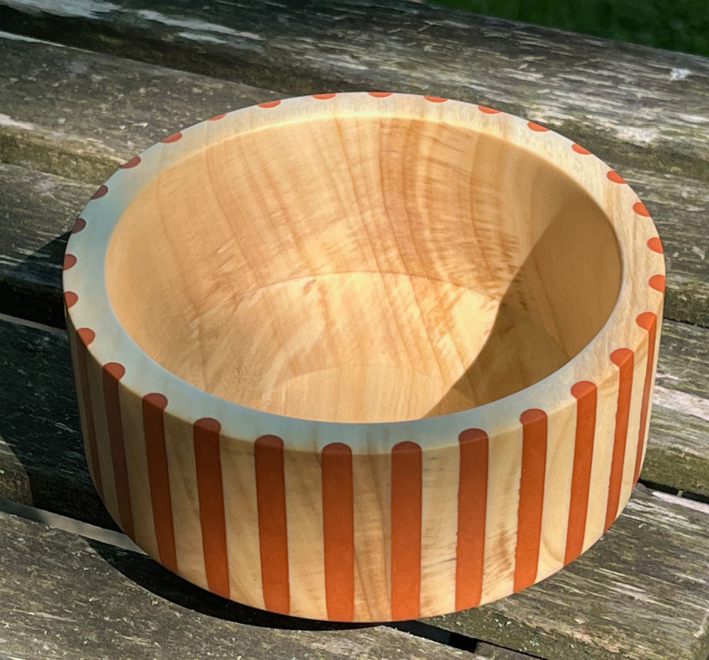 Hm, natural edge bowls, das ist ein bisserl schwer zu erklären ohne Skizzenblock. Im Wesentlichen drechselt man so, dass die Aussenseite des Baumstammes bei der Schale oben zu liegen kommt (für GeometrikerInnen: der Mantel des Zylinders). Schaut jedenfalls fetzig aus! Ist kreisrund, versprochen – das längsovale ist eine optische Täuschung. Wer’s nicht glaubt, kann gern nachmessen.
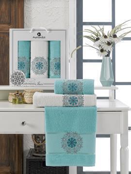 Набор полотенец махровых Inci Merzuka<3 предмета 50*80-2шт+70*130, бирюзовый> (арт.11294,11295)
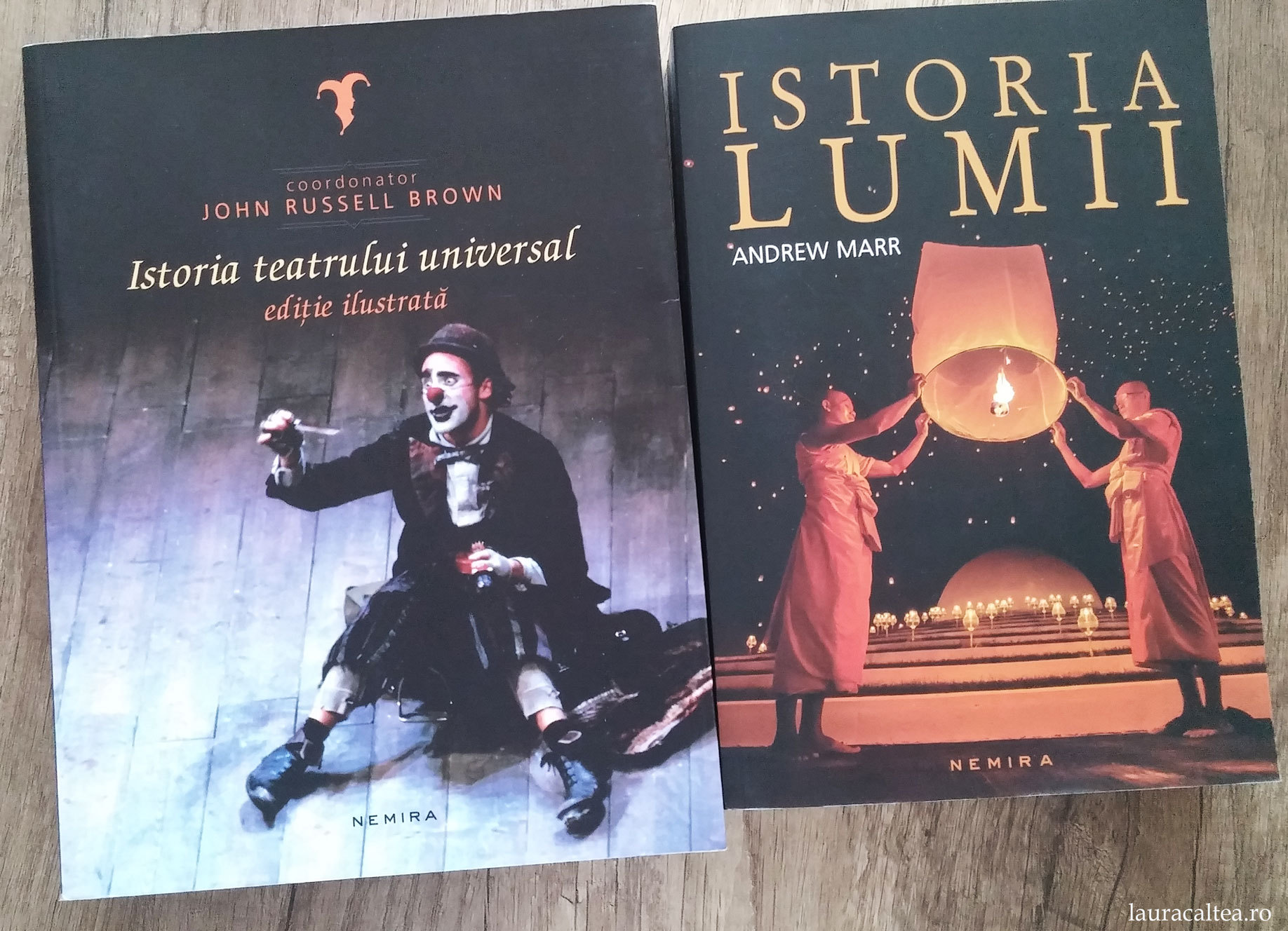 • Cărți fundamentale. Printre cărțile pe care e musai să le ai în bibliotecă, ca să le poți răsfoi oricând și să le lași moștenire nepoților, se numără în mod clar și Istoria teatrului universal, o ediție Oxford a teatrului de la origini până azi, și Istoria lumii, de Andrew Marr, un volum complex, dar scris într-un stil accesibil și plin de informații interesante.
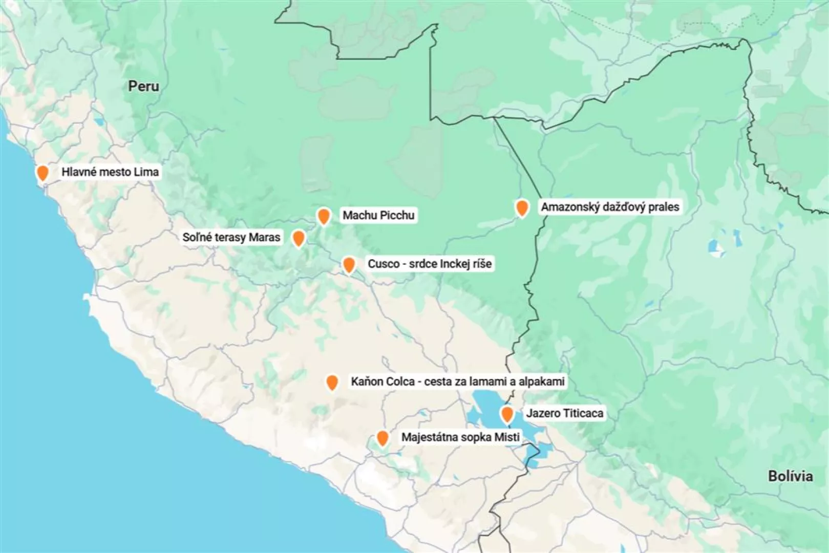 Intro: Vydajte sa na veľkú cestu krajinou dávnych civilizácií, mystických hôr a fascinujúcej prírody. Spoznajte Peru v celej jeho rozmanitosti - od legendárneho Machu Picchu, cez vysoké Andy až po zelené srdce Amazónie. Zavedieme vás k najikonickejším miestam celej Južnej Ameriky.

Brief:
Pictures excluded, repeat the material above from its first line through the line containing "de informații interesante.", both included.

Answer to this task:
 Hm, natural edge bowls, das ist ein bisserl schwer zu erklären ohne Skizzenblock. Im Wesentlichen drechselt man so, dass die Aussenseite des Baumstammes bei der Schale oben zu liegen kommt (für GeometrikerInnen: der Mantel des Zylinders). Schaut jedenfalls fetzig aus! Ist kreisrund, versprochen – das längsovale ist eine optische Täuschung. Wer’s nicht glaubt, kann gern nachmessen.
 Набор полотенец махровых Inci Merzuka<3 предмета 50*80-2шт+70*130, бирюзовый> (арт.11294,11295)
 • Cărți fundamentale. Printre cărțile pe care e musai să le ai în bibliotecă, ca să le poți răsfoi oricând și să le lași moștenire nepoților, se numără în mod clar și Istoria teatrului universal, o ediție Oxford a teatrului de la origini până azi, și Istoria lumii, de Andrew Marr, un volum complex, dar scris într-un stil accesibil și plin de informații interesante.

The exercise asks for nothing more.